Опоры, арки, колонны — средневековая церковь, вновь перестроенная в эпоху Ренессанса — монастырь кармелиток Сент-Илер. Вначале здание служило зернохранилищем, потом крепостью, стояло заброшенным в течение столетия или двух, прежде чем его частично перестроили в большую виллу. В последние сорок лет ему вернули религиозную жизнь, но местным жителям большой радости это не принесло. Двадцать семь христовых невест и их аббатиса молились, медитировали и работали в монастырских службах, при этом семь наиболее развитых духовно и светски обучали тридцать шесть девочек в возрасте от пяти до семнадцати лет в монастырской школе и пансионе. Церковный пенсионер из соседнего прихода, проживавший одиноко в отдаленном крыле монастыря, священник иезуит Филипп, служил мессу перед своим женским собранием каждое утро в пять часов, читал проповеди и лекции для сестер-учительниц, вел уроки в старших классах, являлся духовником, отпускал грехи и был известным виноделом.

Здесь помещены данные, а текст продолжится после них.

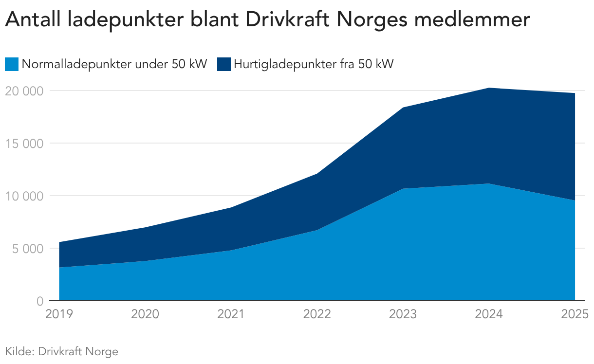 Antall ladepunkter blant Drivkraft Norges medlemmer
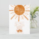 Boho our little ray of sunshine is almost here, with burn orange boho watercolor sun and rainbow, with heart and flowers rainbow baby shower invitation , with a cute rainbow, sun and flowers pattern at the back. Perfect gender neutral baby shower party.
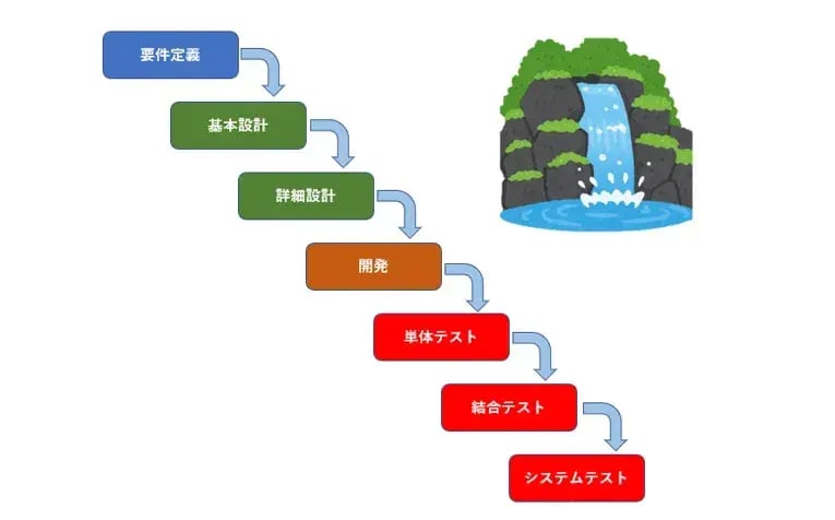 V字モデルはウォーターフォールから進化したモデルであり、開発の流れは同じです。ウォーターフォールで開発を進める上で、テスト工程を効率よく行い品質を高めるため、テストではV字モデルのやり方が採用されます。
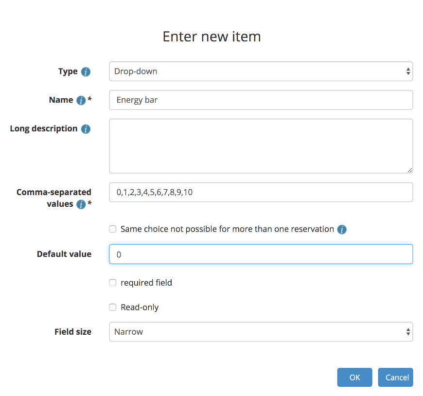 Let's take another simple example: a form item whose quantity can be chosen by customer. Let's add another dropdown called: energy bar where the customer can choose any quantity from 0 to 10.

Непоколебимый порядок дня в монастыре начинался, когда сестра Сабина из Тулузы — красные со сна глаза, голые ноги, кое-как накинутая юбка и платок на короткой, осанистой фигуре — появлялась в кромешной тьме коридора, вдоль которого располагались кельи монахинь, в 4 часа 30 минут утра. Как легкомысленный испанский танцор, маскирующийся под монахиню, Сабина жизнерадостно поднимала правую руку над головой, разрывала темноту громким стуком деревянных кастаньет и низким мужским голосом кричала: «Аве Мария. Возблагодарим заступницу нашу, Богородицу, и Сына ее».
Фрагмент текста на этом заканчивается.